■ Excerpted data
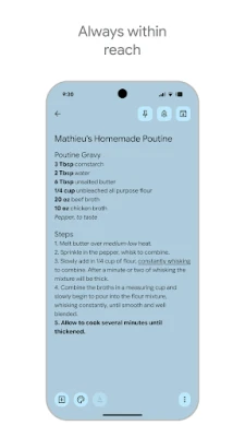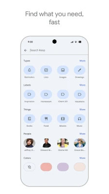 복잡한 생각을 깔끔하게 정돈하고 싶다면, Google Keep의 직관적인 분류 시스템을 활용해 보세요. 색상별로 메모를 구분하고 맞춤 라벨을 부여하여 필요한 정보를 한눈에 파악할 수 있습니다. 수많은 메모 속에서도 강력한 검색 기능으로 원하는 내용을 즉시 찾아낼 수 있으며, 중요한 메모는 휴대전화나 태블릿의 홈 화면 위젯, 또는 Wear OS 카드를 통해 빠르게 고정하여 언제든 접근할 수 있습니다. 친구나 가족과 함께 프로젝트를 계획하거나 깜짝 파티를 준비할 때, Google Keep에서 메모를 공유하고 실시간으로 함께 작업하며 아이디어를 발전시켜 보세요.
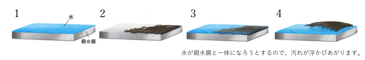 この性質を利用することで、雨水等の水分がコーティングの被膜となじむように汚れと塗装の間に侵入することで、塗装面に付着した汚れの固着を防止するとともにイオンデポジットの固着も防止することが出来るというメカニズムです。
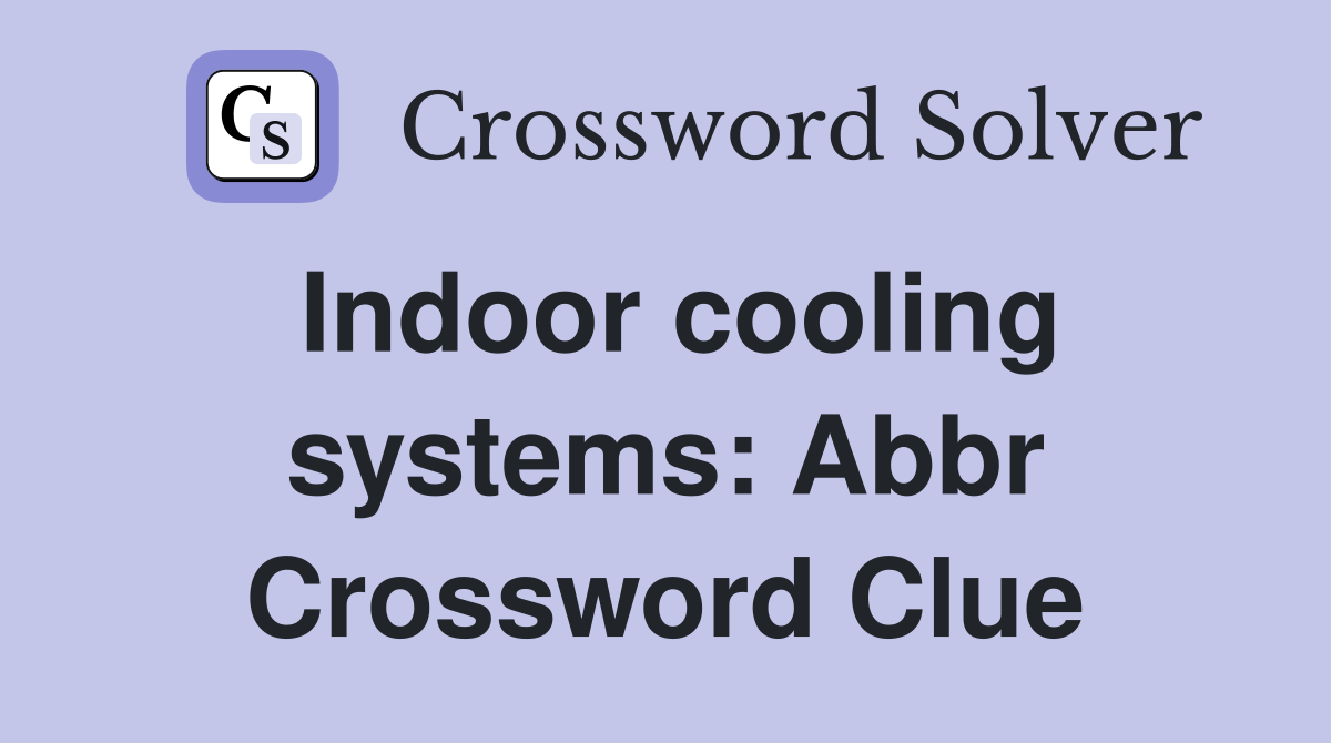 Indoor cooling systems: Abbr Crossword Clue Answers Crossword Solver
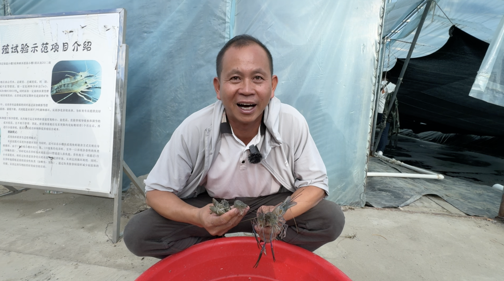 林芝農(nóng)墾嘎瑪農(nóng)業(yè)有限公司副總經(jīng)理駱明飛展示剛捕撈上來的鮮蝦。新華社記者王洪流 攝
* * *
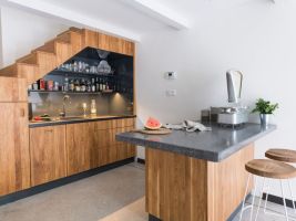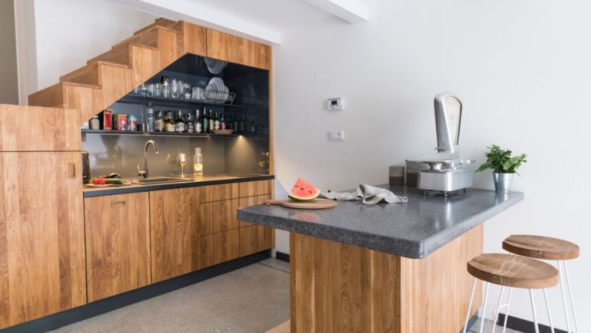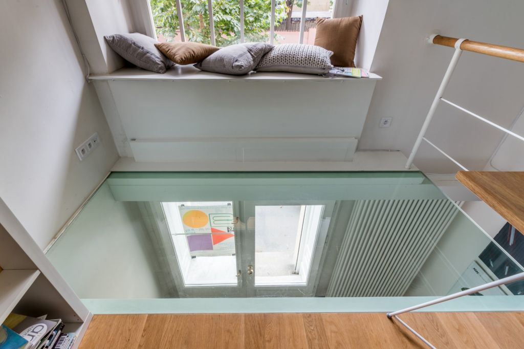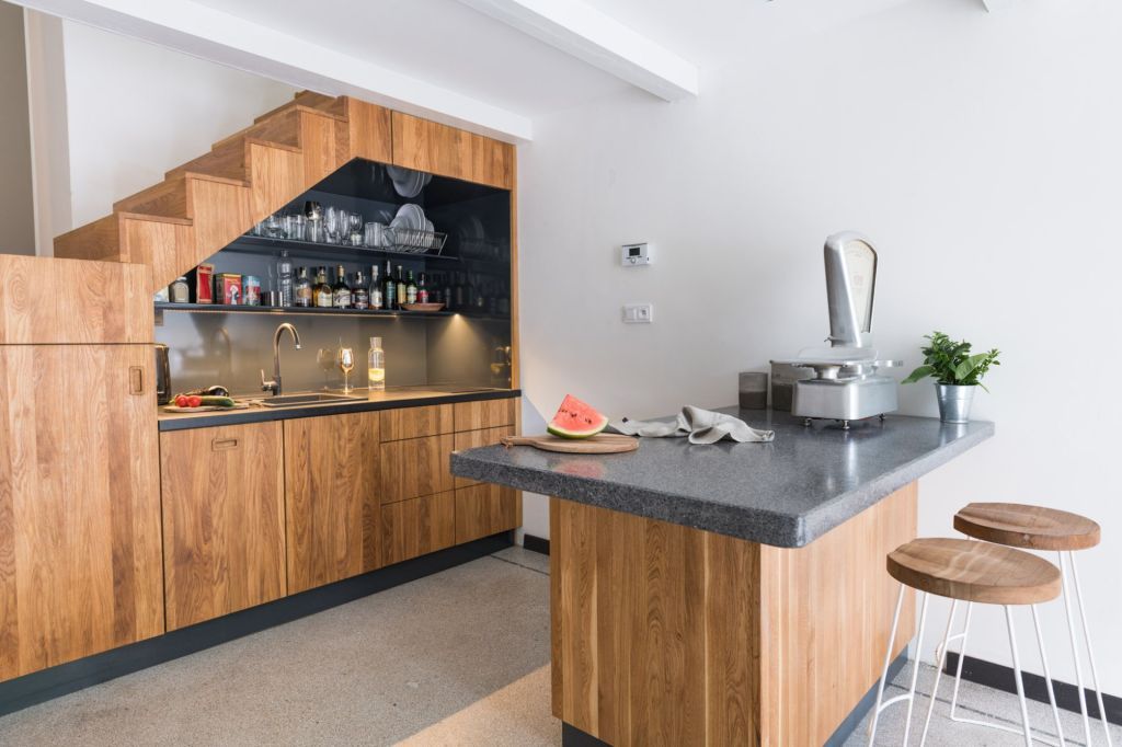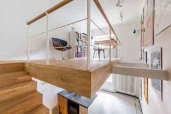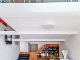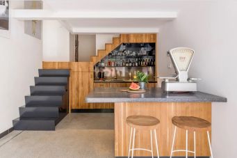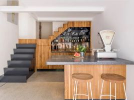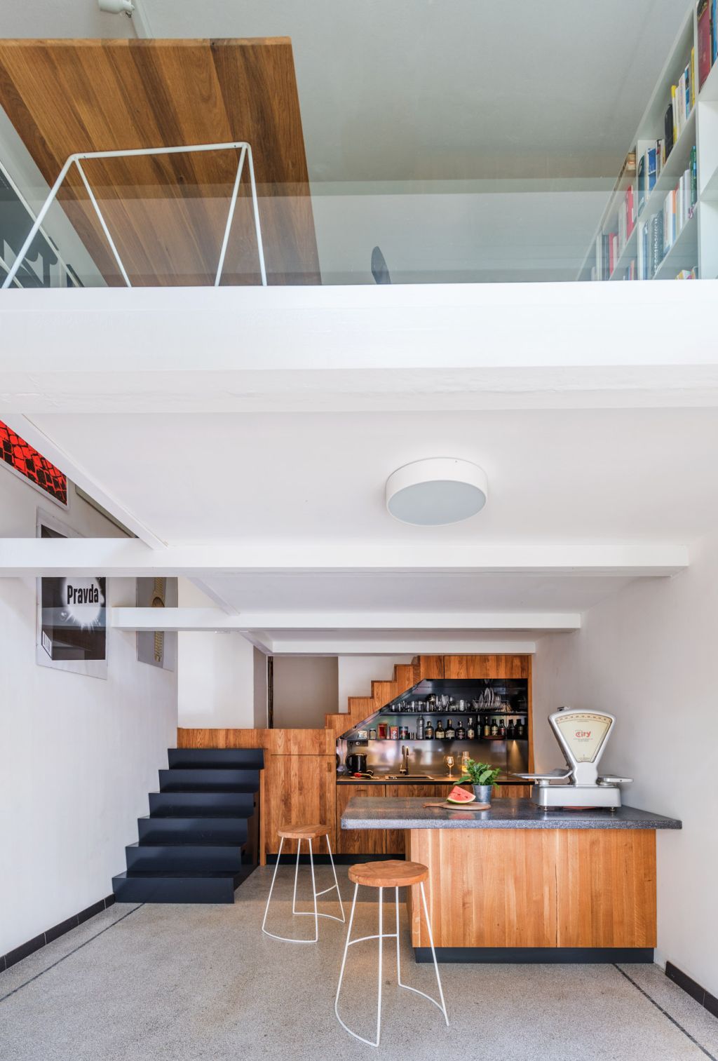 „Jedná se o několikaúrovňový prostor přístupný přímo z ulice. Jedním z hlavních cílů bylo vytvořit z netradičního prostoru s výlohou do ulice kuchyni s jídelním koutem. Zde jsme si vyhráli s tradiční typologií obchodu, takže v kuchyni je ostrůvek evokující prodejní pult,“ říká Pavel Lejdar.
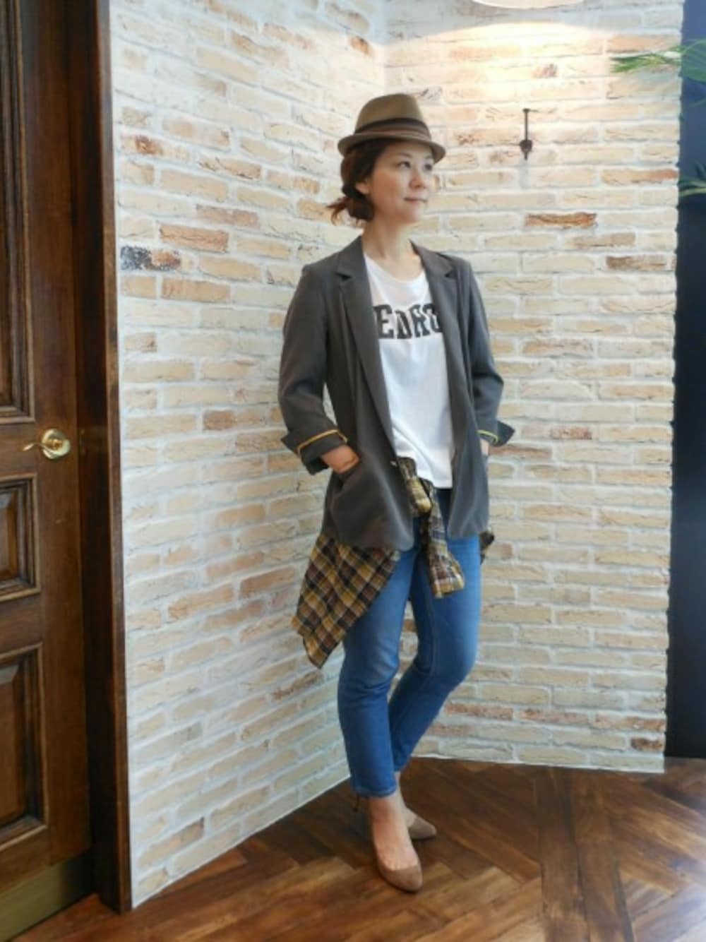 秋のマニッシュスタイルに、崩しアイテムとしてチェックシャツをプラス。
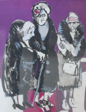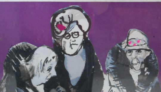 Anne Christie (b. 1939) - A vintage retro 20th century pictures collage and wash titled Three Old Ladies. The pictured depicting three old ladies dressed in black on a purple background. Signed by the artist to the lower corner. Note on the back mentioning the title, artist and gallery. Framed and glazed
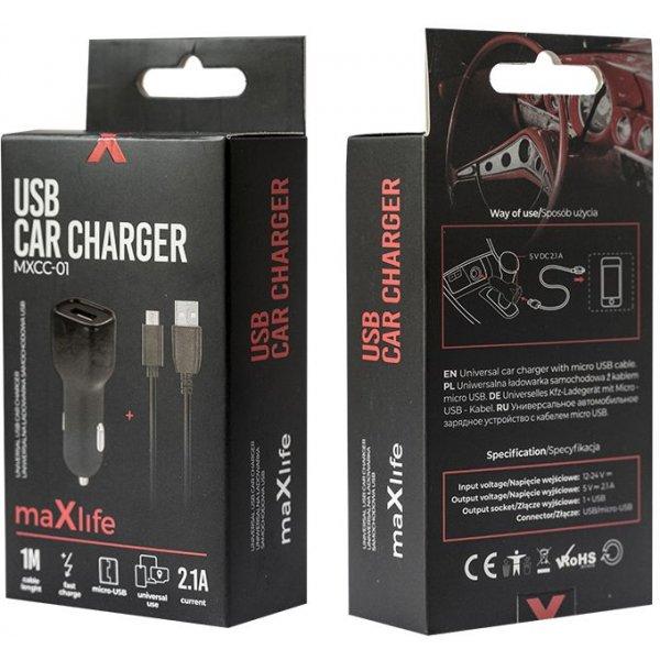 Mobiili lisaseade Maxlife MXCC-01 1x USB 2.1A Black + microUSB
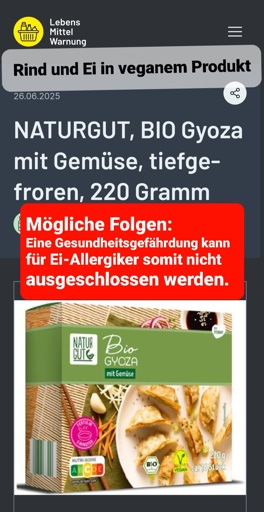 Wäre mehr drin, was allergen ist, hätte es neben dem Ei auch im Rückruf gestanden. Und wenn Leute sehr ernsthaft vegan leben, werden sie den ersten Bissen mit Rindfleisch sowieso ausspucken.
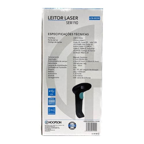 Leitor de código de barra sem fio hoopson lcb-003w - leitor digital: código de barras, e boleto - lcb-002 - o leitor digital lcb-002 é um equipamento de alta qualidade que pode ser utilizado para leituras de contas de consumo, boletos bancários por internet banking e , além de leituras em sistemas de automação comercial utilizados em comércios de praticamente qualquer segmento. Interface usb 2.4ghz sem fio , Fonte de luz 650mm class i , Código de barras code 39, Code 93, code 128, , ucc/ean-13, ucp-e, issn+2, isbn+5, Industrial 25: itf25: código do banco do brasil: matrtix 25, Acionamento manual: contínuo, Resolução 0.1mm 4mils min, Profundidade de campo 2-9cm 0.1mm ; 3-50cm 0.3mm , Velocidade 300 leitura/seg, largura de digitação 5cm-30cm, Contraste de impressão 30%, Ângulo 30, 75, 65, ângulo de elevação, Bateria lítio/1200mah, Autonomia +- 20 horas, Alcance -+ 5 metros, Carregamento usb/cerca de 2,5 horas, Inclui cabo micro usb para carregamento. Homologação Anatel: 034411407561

■ Exercise objective
Look above for the line with "Mobiili lisaseade Maxlife" and the line with "Wäre mehr drin, was"; set down those two lines and all lines between them exactly, without pictures and without anything else.

■ Response
 Mobiili lisaseade Maxlife MXCC-01 1x USB 2.1A Black + microUSB
 Wäre mehr drin, was allergen ist, hätte es neben dem Ei auch im Rückruf gestanden. Und wenn Leute sehr ernsthaft vegan leben, werden sie den ersten Bissen mit Rindfleisch sowieso ausspucken.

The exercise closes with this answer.